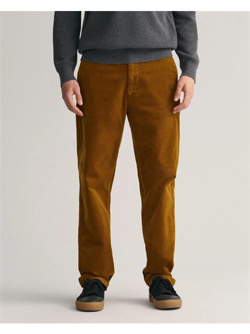 Questi pantaloni chino in twill di cotone biologico con un tocco di elasticità presentano una vestibilità slim sui fianchi fino alla gamba. Sono rifiniti dalle tasche posteriori con bottoni e logo GANT sulla tasca posteriore destra. Abbinali a qualsiasi capo, da una T-shirt dal taglio rilassato a una camicia button-down più elegante.
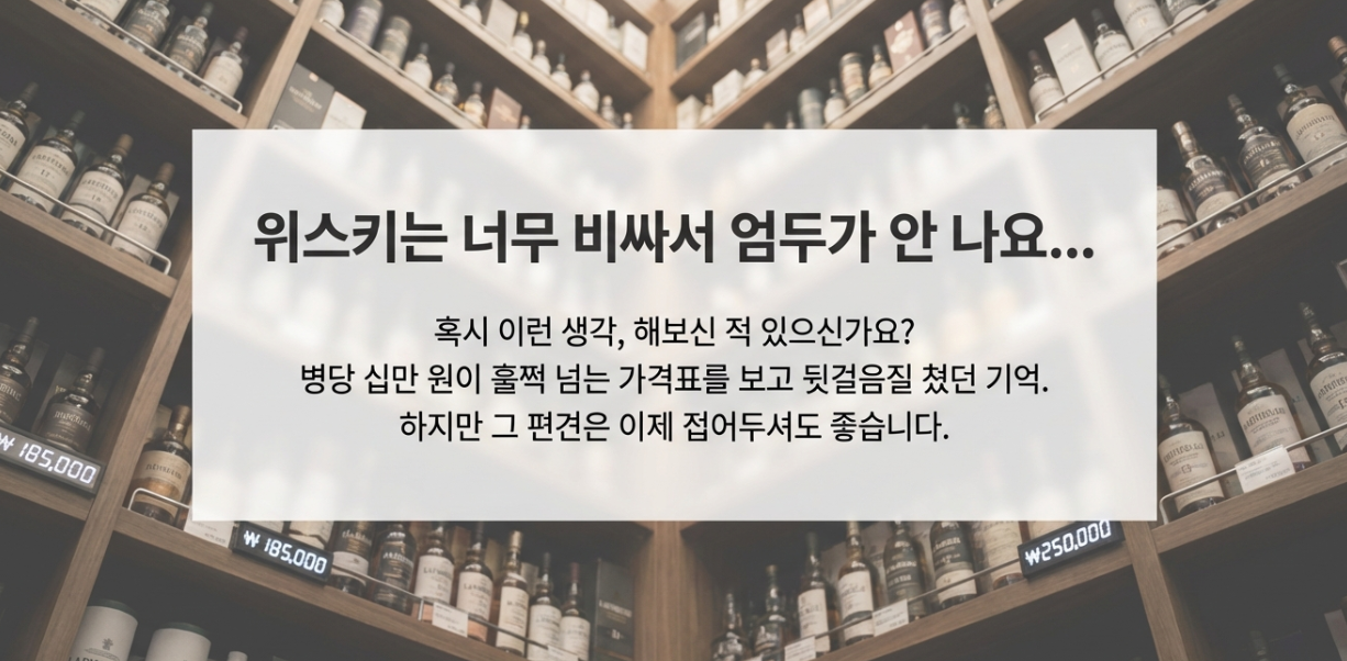 "위스키는 너무 비싸서 엄두가 안 나요..." 혹시 이런 생각 해보신 적 있으신가요? 저도 처음 위스키에 입문할 때, 병당 십만 원이 훌쩍 넘는 가격표를 보고 뒷걸음질 쳤던 기억이 나네요. 하지만 걱정 마세요! 요즘은 마트나 편의점 앱만 잘 활용해도 치킨 두세 마리 값으로 훌륭한 퍼포먼스를 보여주는 보석 같은 위스키들을 만날 수 있답니다. 퇴근 후 나를 위로해 주는 한 잔, 5만원 한 장으로 시작해보는 건 어떨까요? 😊
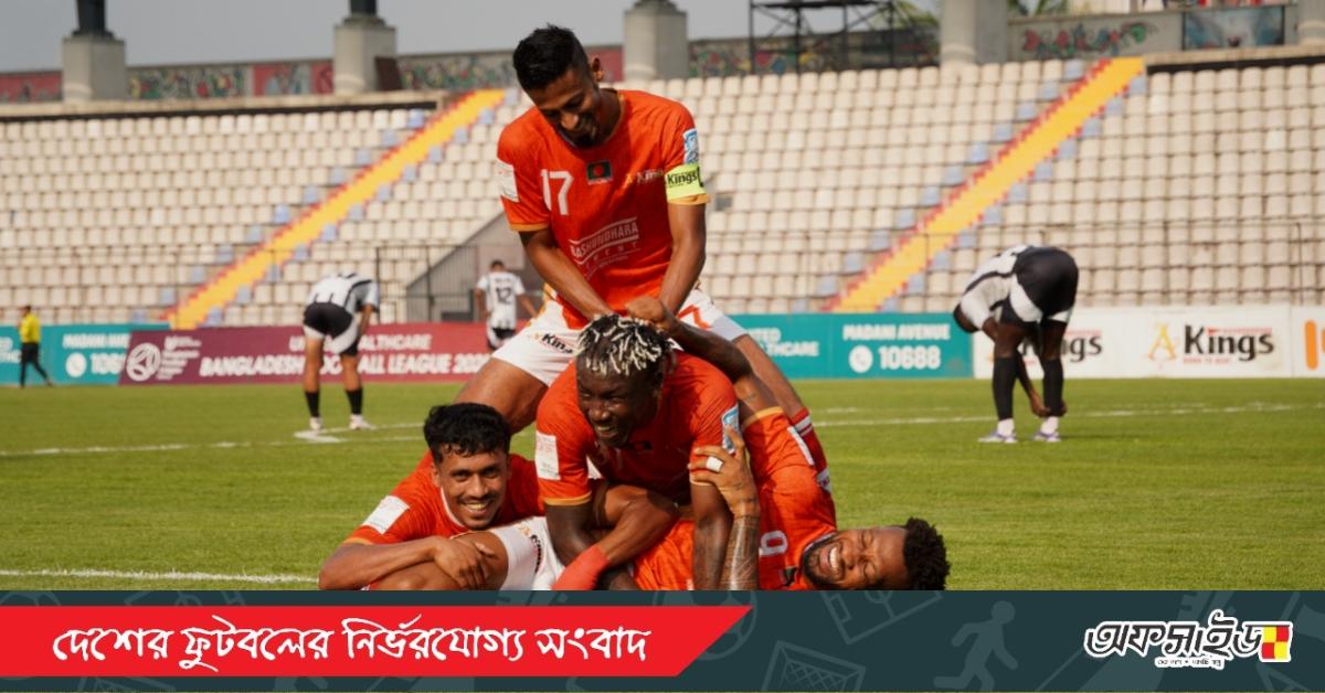 কিংস অ্যারেনায় শুরু থেকেই আক্রমণে ঝড় তোলে স্বাগতিকরা। দোরিয়েলতন গোমেস নাসিমেন্তো ও রাকিব হোসেনদের সমন্বিত আক্রমণে ২৪তম মিনিটে এগিয়ে যায় তারা। রাকিবের কাটব্যাক থেকে দোরিয়েলতনের নিখুঁত শটে জালে বল জড়ায়।
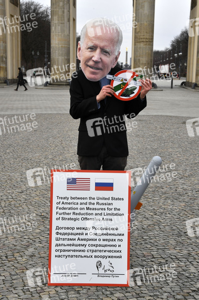Am 5. Februar 2021 wäre der New START-Vertrag zur Beschränkung der nuklearen Trägersysteme und Atomwaffensprengköpfe zwischen Russland und den USA ausgelaufen. Der neue US-Präsident Joseph Biden hat mit dem russischen Präsident Wladimir Putin vereinbart, das Abkommen um 5 Jahre verlängern zu wollen. Mit einem kleinen Straßentheater und einer Fotoaktion vor den Botschaften der beiden Länder und dem Brandenburger Tor stellen Aktivist*innen dar, wie Präsident Biden und Amtsinhaber Putin den neuen Vertrag unterzeichnen und Atomwaffen-Attrappen schon jetzt in die Mülltonne entsorgen. Berlin, 29.01.2021
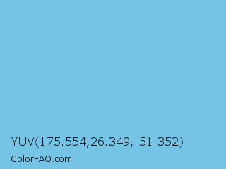 YUV 175.554,26.349,-51.352 Color is a light blue color and the nearest color is Aero #7cb9e8. Hex code #75c3e5 and RGB value is rgb(117,195,229). In RGB color space, this color is composed of 46% red, 76% green, 90% blue, In CMYK color space, this color is composed of 49% cyan, 15% magenta, 0% yellow , 10% black , In HSL color space, this color has a hue angle of 198° , 68% saturation and 68% lightness.
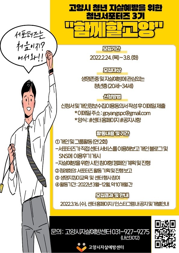 [부자동네타임즈 김인수기자] 고양시자살예방센터에서 청년층의 생명존중 및 자살예방에 대한 관심을 도모하고 올바른 인식을 가질 수 있도록 활동할 청년서포터즈 3기 함께할고양을 2월 24일부터 3월 8일까지 모집한다.
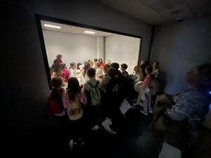 Nie zabrakło również wizyty w tzw. pokoju okazań. To właśnie tam uczniowie dowiedzieli się, w jaki sposób przeprowadza się okazania osób oraz jak działa lustro weneckie, które oddziela obserwujących od osób znajdujących się po drugiej stronie pomieszczenia.
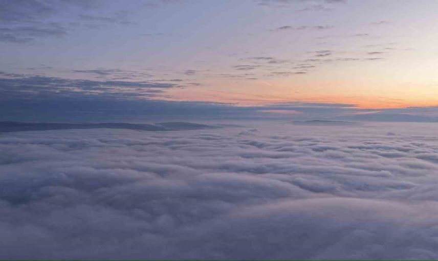 Yoğun sis manzarası, dron ve havadan çekimlerle de kaydedilerek kentin farklı noktalarına yayılan beyaz örtünün etkileyici panoramasını gözler önüne serdi.
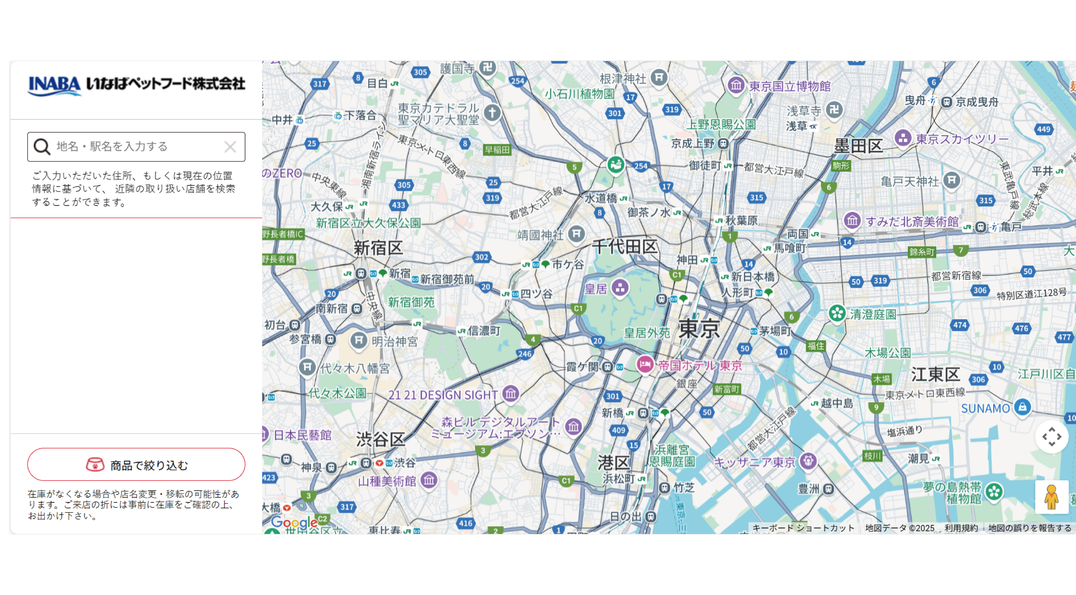 ※検索地図には、いなばペットフード株式会社の公式サイトに掲載されているブランドサイトからアクセスしていただくことが可能です。
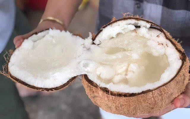 Thế nhưng, ở Trà Vinh có một giống dừa sáp, được bán ra với mức giá từ 200.000 - 300.000 đồng/quả. Nhìn bề ngoài, quả dừa tiền trăm này không quá khác biệt với những quả dừa tiền chục khác. Đến khi bổ ra mới thấy điều đặc biệt. Nước dừa sánh, sệt như keo; phần cơm dừa dày, mềm xốp; đặc biệt là vị béo ngậy và mùi thơm lừng ngay khi vừa tách vỏ.
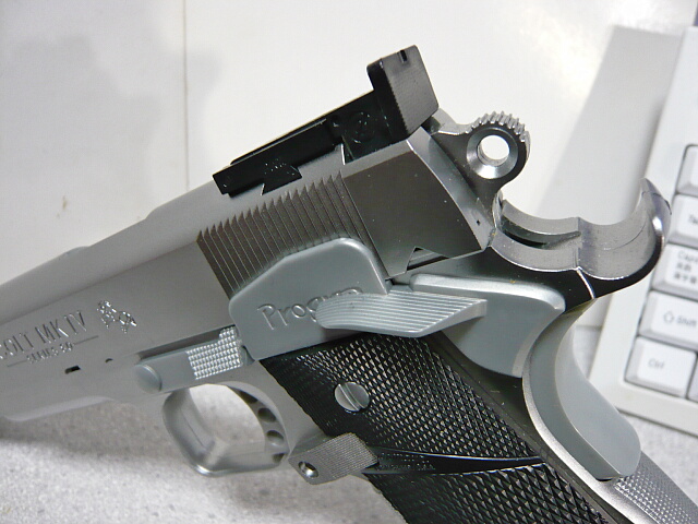 グリップの左右にあるセーフティレバーはその前にあるProgripと刻印のあるパネルとスライドストップと一体でダミー。グリップ後面にあるグリップセーフティは可動しますが、ビーバーテイル(ハンマーとグリップセーフティの間にある突き出た部分)とは分割されており可動方向も上軸ではなくそのまま垂直に押されるだけになっています。
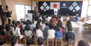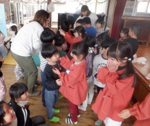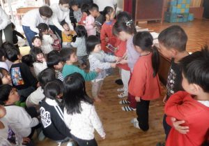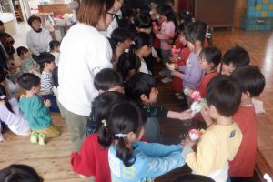 お別れ会では、各クラスが作ったプレゼンを渡しました。あお組はお礼にネックレスを首にかけてあげました。
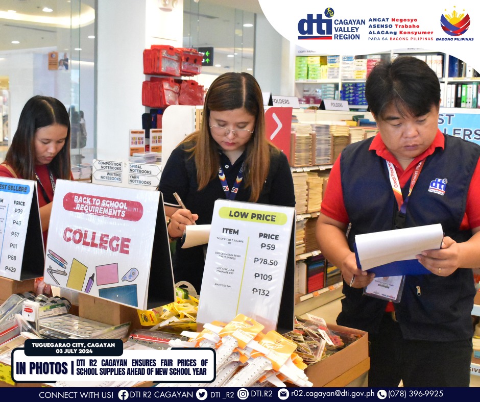 Tuguegarao City, Cagayan — The Department of Trade and Industry (DTI) Cagayan, through its Consumer Protection Division led by CPD Chief Lourdito B. Antonio, conducted a price monitoring initiative for school supplies along Tuguegarao City, Cagayan on 3 July 2024.
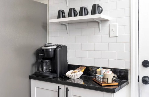 Guests may park on the street or in the parking pad in the back of the house. After entering through the front door and into the entry space, you'll find a calming living room with earth-tone colors and a 50” TV above the decorative fireplace. Past the living room is a colorful dining room with seating for four. In the back of the house is a newly-renovated kitchen with granite countertops, stainless-steel appliances, and a backdoor leading to the shared backyard and parking area. Down the stairs you'll find the laundry area, and upstairs you'll find the bedrooms and bathroom.
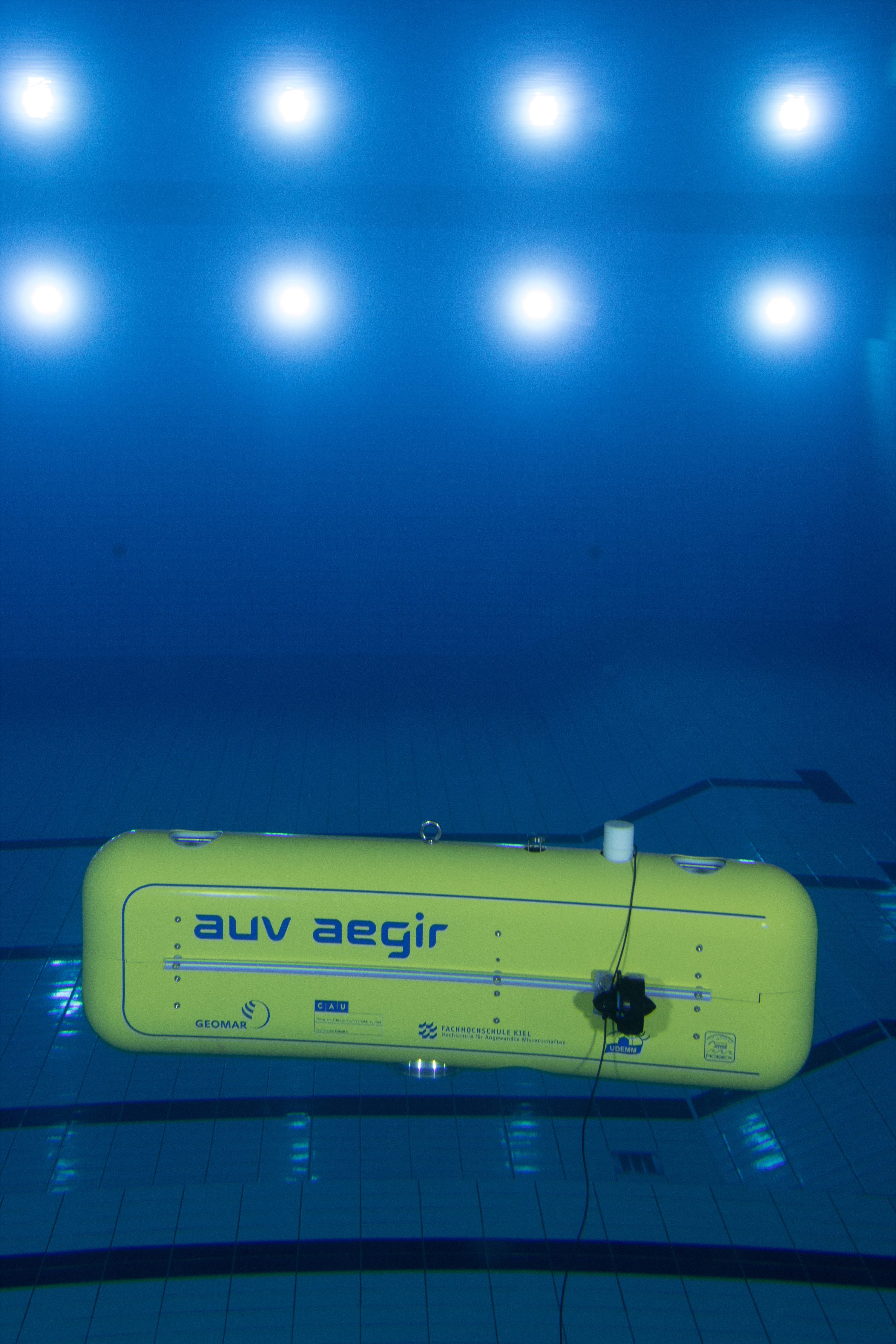 Bald schon soll sich das Unterwasserfahrzeug AUV AEGIR autonom in Wassertiefen bis maximal 200 Meter frei durchs Meerwasser bewegen und dabei auch bei geringen Geschwindigkeiten stabil tauchen und navigieren. Doch noch befindet sich das am GEOMAR Helmholtz-Zentrum für Ozeanforschung Kiel entwickelte Gerät in der Versuchsphase. Jetzt wurde die autonome Manövrierfähigkeit des AUV AEGIR erstmals in einem Schwimmbecken der Christian-Albrechts-Universität zu Kiel getestet – mit Erfolg.
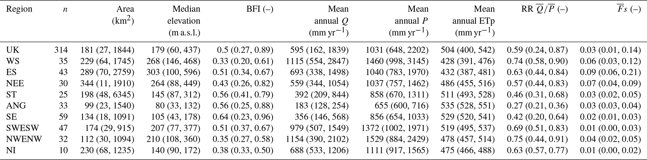 Table 1Summary statistics of the 314 selected catchments for the UK across nine hydroclimate regions. The range given for each catchment characteristic is the 5th and 95th percentile across catchments in each region. Catchment characteristics are retrieved from the UK National River Flow Archive (NRFA). RR is runoff ratio and Fs is fraction of precipitation falling as snow (across hydrological years 1983–2014). Reproduced with permission from Harrigan et al. (2018).
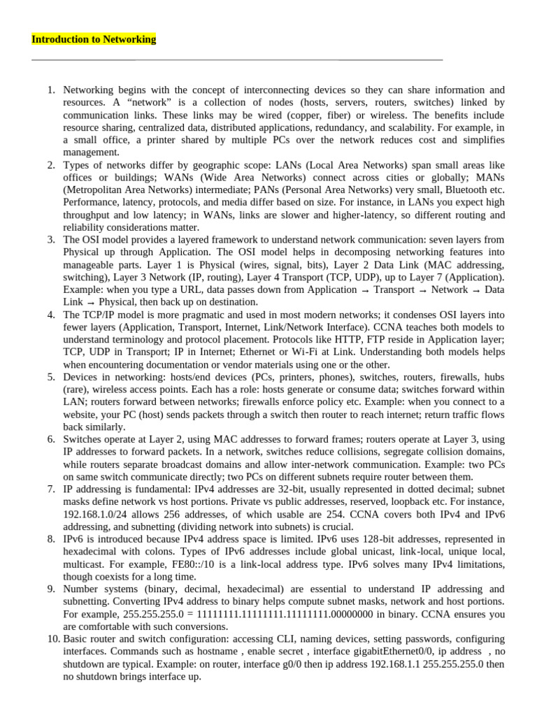 addressing, and subnetting (dividing network into subnets) is crucial.
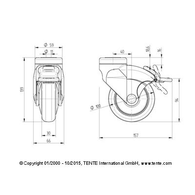 Roue pivotante avec verrouillage directionnel et boîtier en polyamide
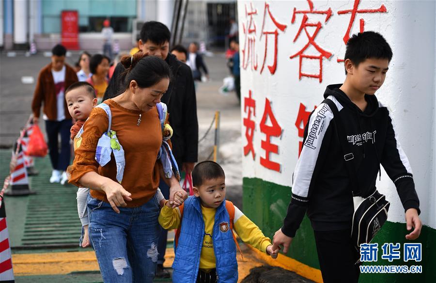 1月19日,乘客在??谛阌⒏圯喍纱a頭登船。 新華社記者 郭程 攝
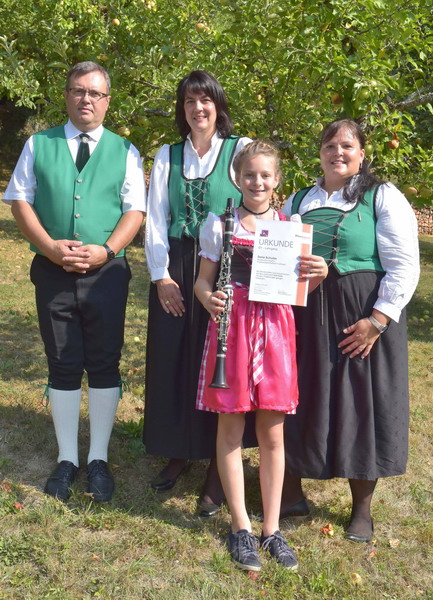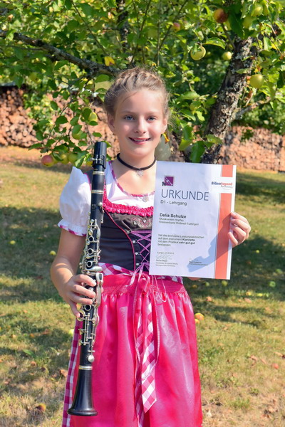 Sie hatte beim D1-Lehrgang in Grüntal bei Freudenstadt ihre theoretische Prüfung abgelegt und einige Wochen später mit ihrer Klarinette die praktische Prüfung bestanden. Insgesamt erhielt sie die Note „sehr gut – gut“ und durfte mit Freude das bronzene Leistungsabzeichen entgegennehmen. Über das tolle Abschneiden ihrer jungen Nachwuchsmusikerin freuten sich Ausbilder und Dirigent Ferenc Guti, die Vorsitzende Silke Weigold und Jugendleiterin Anke Obergruber ganz besonders. Delia Schulze setzte mit ihrem hervorragenden Ergebnis die äußerst erfolgreiche Jugendarbeit fort. Derzeit befinden sich 20 Kinder und Jugendliche in drei verschiedenen Gruppen beim Musikverein in der Ausbildung.

:::::

• Exercise directions
Give the lines again exactly, beginning with the first line of the records above and ending with the line that contains "কিংস অ্যারেনায় শুরু", and include no pictures.

• Result for this task
 Questi pantaloni chino in twill di cotone biologico con un tocco di elasticità presentano una vestibilità slim sui fianchi fino alla gamba. Sono rifiniti dalle tasche posteriori con bottoni e logo GANT sulla tasca posteriore destra. Abbinali a qualsiasi capo, da una T-shirt dal taglio rilassato a una camicia button-down più elegante.
 "위스키는 너무 비싸서 엄두가 안 나요..." 혹시 이런 생각 해보신 적 있으신가요? 저도 처음 위스키에 입문할 때, 병당 십만 원이 훌쩍 넘는 가격표를 보고 뒷걸음질 쳤던 기억이 나네요. 하지만 걱정 마세요! 요즘은 마트나 편의점 앱만 잘 활용해도 치킨 두세 마리 값으로 훌륭한 퍼포먼스를 보여주는 보석 같은 위스키들을 만날 수 있답니다. 퇴근 후 나를 위로해 주는 한 잔, 5만원 한 장으로 시작해보는 건 어떨까요? 😊
 কিংস অ্যারেনায় শুরু থেকেই আক্রমণে ঝড় তোলে স্বাগতিকরা। দোরিয়েলতন গোমেস নাসিমেন্তো ও রাকিব হোসেনদের সমন্বিত আক্রমণে ২৪তম মিনিটে এগিয়ে যায় তারা। রাকিবের কাটব্যাক থেকে দোরিয়েলতনের নিখুঁত শটে জালে বল জড়ায়।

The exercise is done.